The Clash fueron los pioneros del efervescente punk rock que haría las delicias de las hordas de encrestados imberbes que abominaban del jipismo burguesito, los mods, los teddy boys y la edulcorada grandilocuencia del rock progresivo –no sin antes abjurar del folk electrizado y bien atemperado que gastaban la acomodada clase media y la aristocracia más cool–, los Clash sacudieron los cimientos de la aún omnipotente industria discográfica con sus incendiarios conciertos y sus lúcidas composiciones.
La brillante singularidad de su estilo y la pasión de su compromiso político lograron, además, plasmar el espíritu de una época y los convirtieron en un auténtico fenómeno mundial cuyo legado sigue influyendo en los mejores músicos emergentes y despertando el entusiasmo, cuando no la veneración, de nuevas audiencias. No deja de ser significativo que su documental autobiográfico Westway to the World obtuviera un premio Grammy o que la revista Rolling Stone escogiese London Calling como uno de los mejores álbumes jamás grabados.
Exhumar esta autopsia coral en pleno cuadragésimo aniversario de la obra cumbre del cuarteto, London Calling, devino un antojo irreprimible a la par que también un sentido homenaje a quienes ayudaron a toda una generación a desprenderse del azote de un pop cuya meliflua agonía amenazaba con perpetuarse en los oídos de los adictos al vinilo y las ondas radiofónicas.

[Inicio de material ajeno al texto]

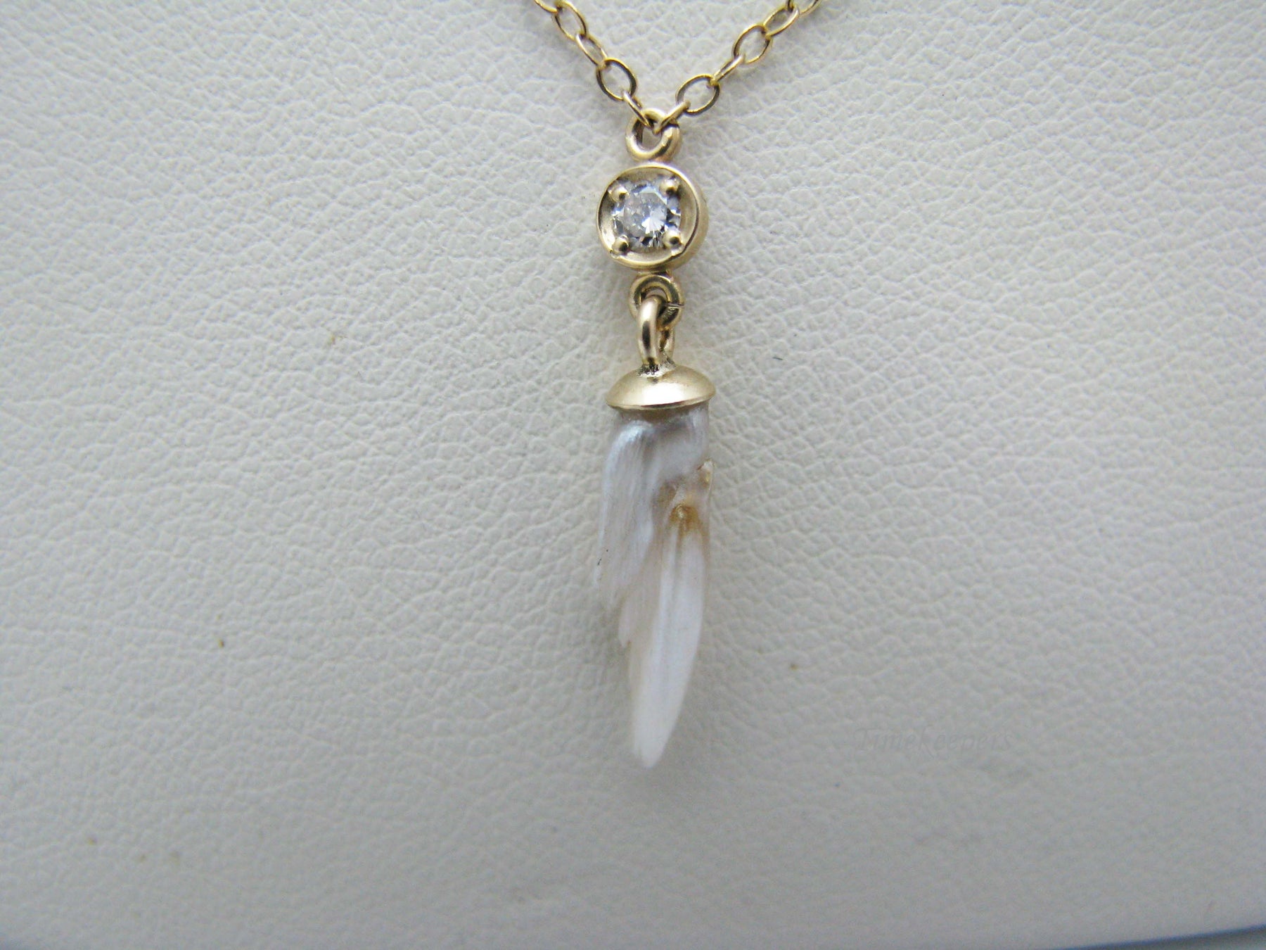 This is a lovely preowned necklace featuring a Nacre pearl dangling from a diamond in14k gold on a 14k yellow gold 18" chain.
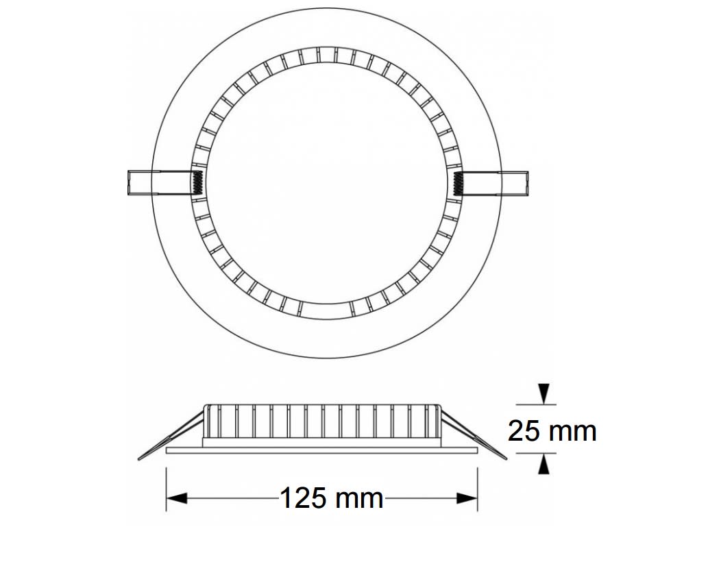 Apparecchio circolare LED 125mm completo di molle in acciaio per il fissaggio. Alimentatore elettronico incluso. Per installazione ad incasso in controsoffitto. Cornice e corpo dissipante in lega di alluminio pressofuso verniciato a polvere di colore bianco. Schermo diffusore in policarbonato opale. Molle per il fissaggio a controsoffitto (spessori fino a 15 mm) in acciaio armonico. Potenza: 9W. Colore della temperatura: 4000K. Colore: Bianco.
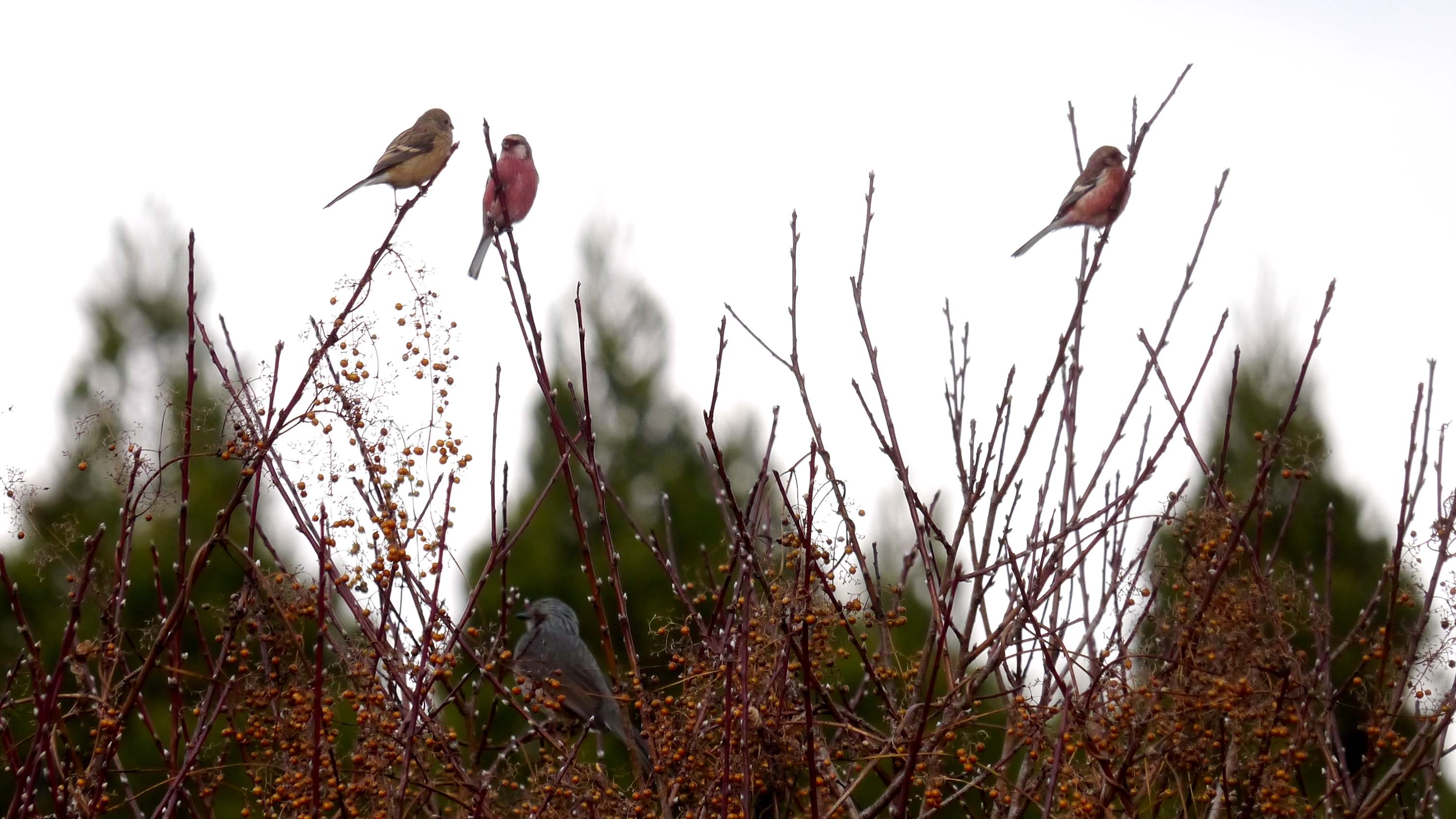 綺麗なオスが2羽とメス、下にはヒヨドリ
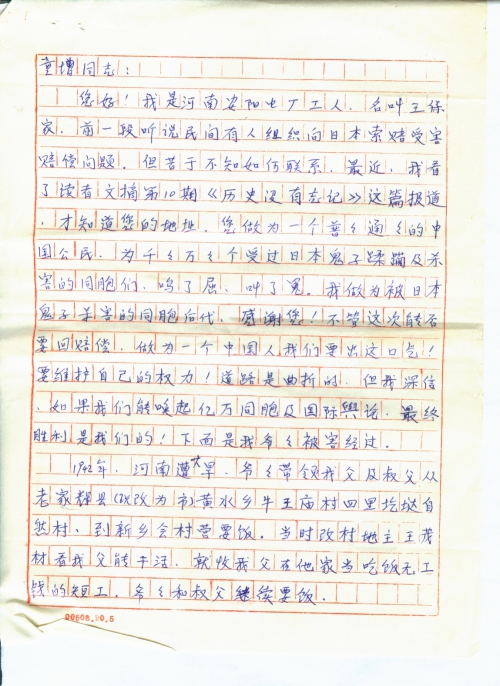 我是河南安阳电厂工人。名叫王保家。前一段听说民间有人组织向日本索赔受害赔偿问题。但苦于不知如何联系。最近,我看了读者文摘第10期《历史没有忘记》这篇报道,才知道您的地址。您作为一个普普通通的中国公民,为千千万万个受过日本鬼子蹂躏及杀害的同胞们,鸣了屈,叫了冤。我作为被日本鬼子杀害的同胞后代,感谢您!不管这次能否要回赔偿。作为一个中国人我们要出这口气!要维护自己的权力!道路是曲折的,但我深信,如果我们能唤起亿万同胞及国际舆论,最终胜利是我们的!下面是我爷爷被害经过。
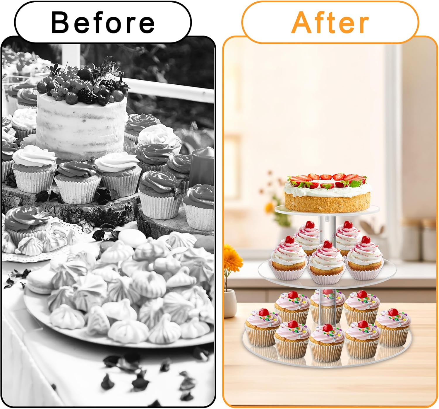Acrylic Cupcake Stand, Clear Dessert Display Hoder Stand With Base for Wedding, Party, Baby Shower, Get-together, 3 Tier Round, Transparent
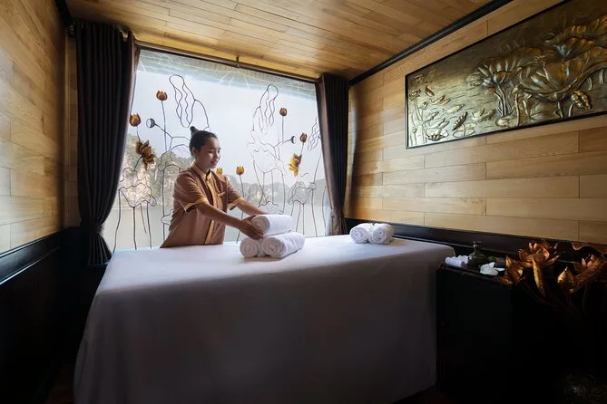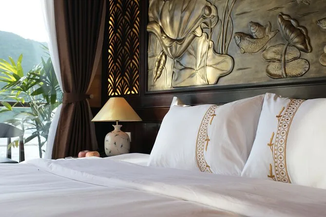 Navega por las aguas tranquilas de Halong y Lan Ha Bay en un crucero nocturno que incluye paseos en bote de bambú por cuevas, kayak entre acantilados de piedra caliza, paradas para nadar y una clase práctica de cocina vietnamita con locales. Ríete con los rollitos de primavera, prueba Tai Chi al amanecer y disfruta de momentos de paz en la cubierta que recordarás mucho después de volver a casa.
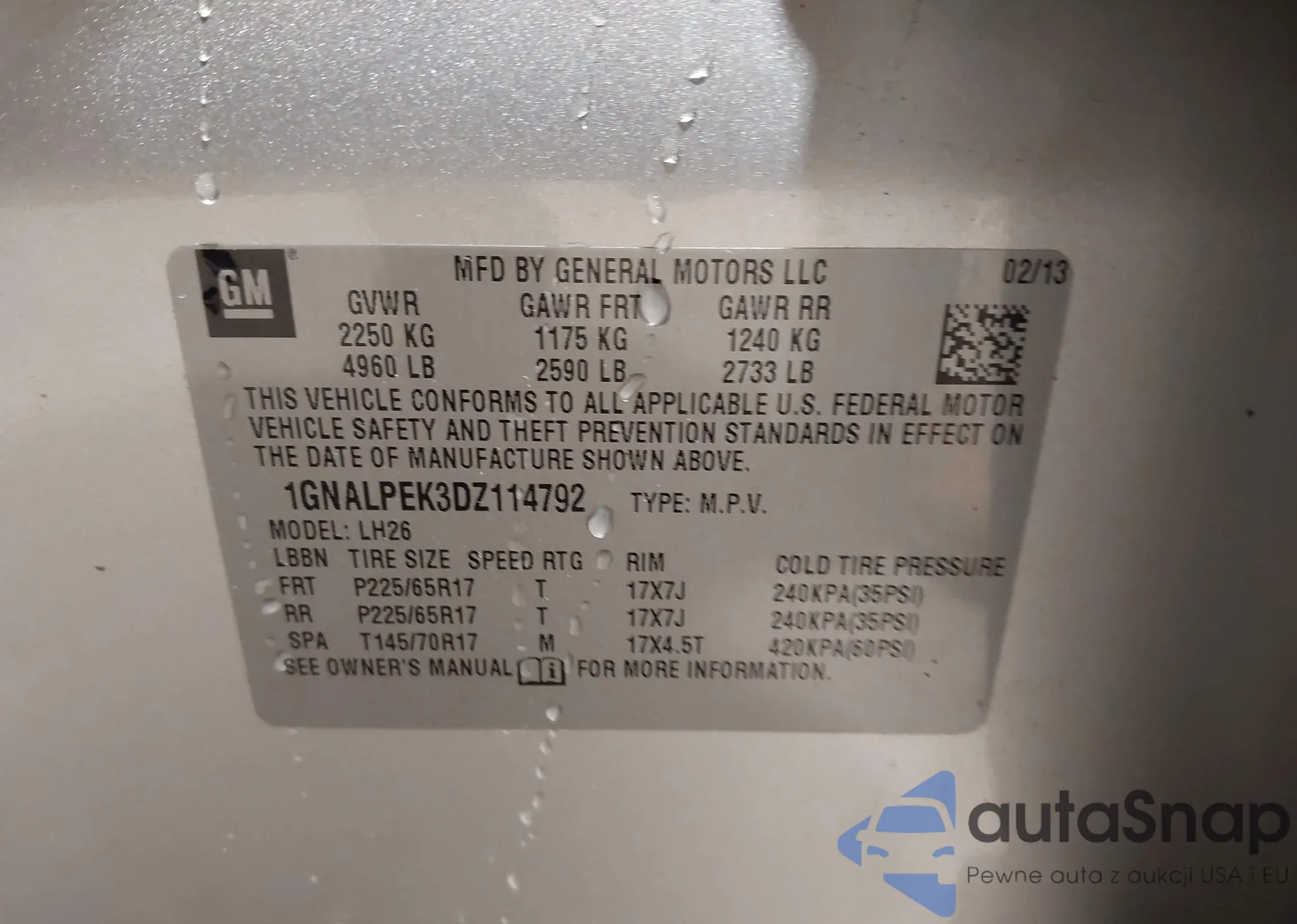 Samochód Chevrolet Equinox 2013 (VIN 1GNALPEK3DZ114792) nie był wcześniej licytowany. Dokumenty są czyste, przebieg odpowiada lub jest niższy niż średnia rynku. Sprzedaje go firma ubezpieczeniowa – polecamy zakup. Dostawa do portu zajmie ok. 6–8 tygodni.
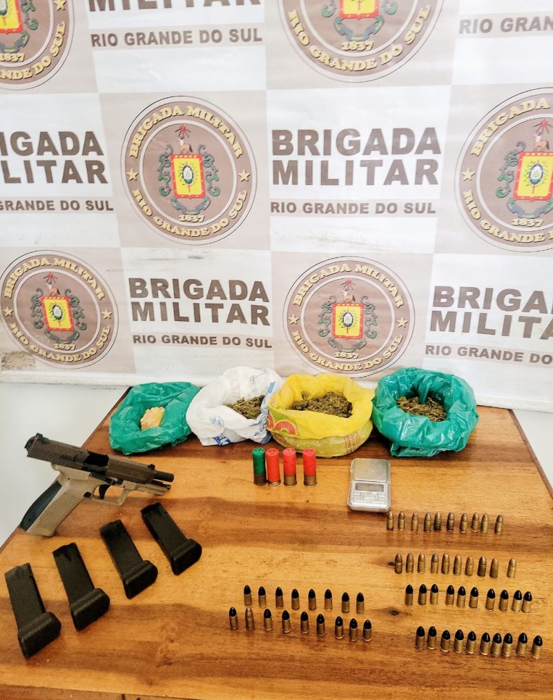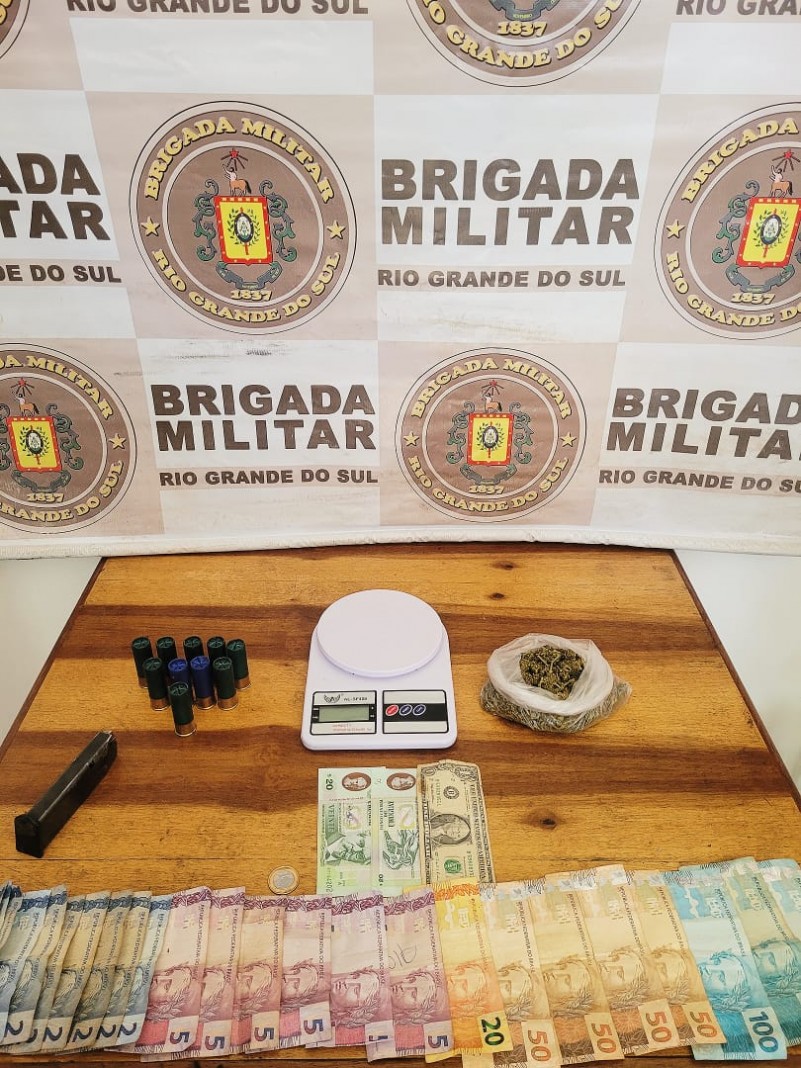 Com ele foi encontrado, dinheiro em espécie, uma balança de precisão, um carregador de pistola, 22 munições calibre 12 e uma quantia em maconha.
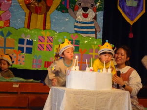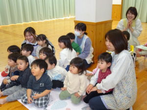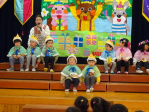 令和7年2月21日(金)2月生まれのお誕生会をホールで行いました。今月は小さいクラスの誕生児のお友達がいなかったのですが、全園児でお祝いをしていつものように盛り上がっていました。将来の夢では、警察官、好きな遊びは色々な種類の鬼ごっこが人気でしたよ。先生からのプレゼントアトラクションは「3匹のこぶた」のエプロンシアターでした。よく知っているお話だったのでストーリーを思い浮かべながら楽しむことができました。エプロンシアターのお話ですが、狼役は保育士がお面、マントをつけて登場したのでちょっとびっくり!!怖くて泣き出してしまったもも組さんもいましたが、先生の陰にかくれながら、興味津々で見入っていました。来月は今年度最後のお誕生会。みんなでホールに集まり、誕生児のお友だちを温かくお祝いして楽しみたいと思います。
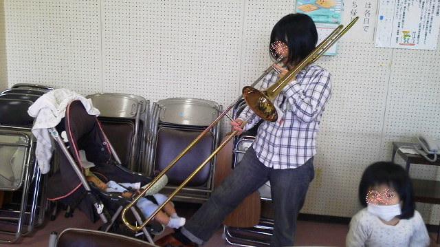 楽器を吹きつつベビーカーを足で揺らして子供をあやす たくましい2児の母(笑)
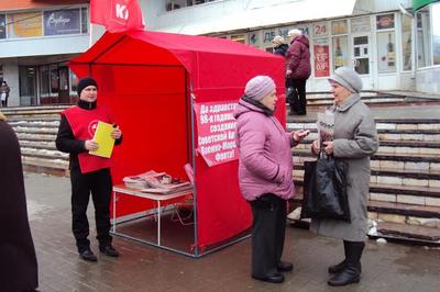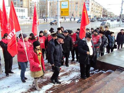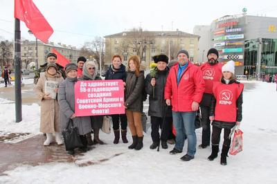 День Советской Армии и Военно-Морского Флота рязанские коммунисты отметили торжественным возложением цветов к монументу Победы и проведением красных пикетов в многолюдных местах города.
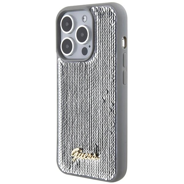 Etui Guess GUHCP15LPSFDGSS Apple iPhone 15 Pro hardcase Sequin Script Metal srebrny/silver
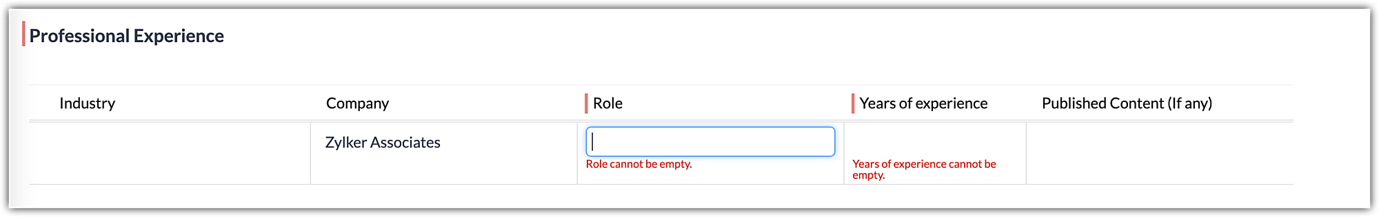 For example, if you want to collect the professional experience of an applicant before onboarding them to an executive course, you can mark the subform as required, collect the details, and save the record to process it further.
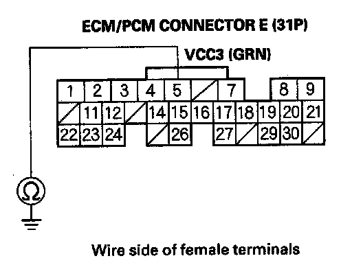 99. Check for continuity between ECM/PCM connector terminal E5 and body ground.

Solo ellos estaban llamados a emprender aquel largo y azaroso camino hacia una reconciliación con las rudas esencias del rock más disruptivo, mestizo y atemporal. Por desgracia, aquel periplo tan desbordante acabaría pasando factura a la banda y certificaría, mediados los ochenta, la defunción de tan eufónico disturbio. Iconos, iconoclastas, arietes de todas las insurgencias, su historia está ya impregnada de leyenda. Mucha gente ha opinado sobre el cómo y el porqué de aquel estruendo, pero no está de más que los verdaderos protagonistas nos ofrecieran su versión.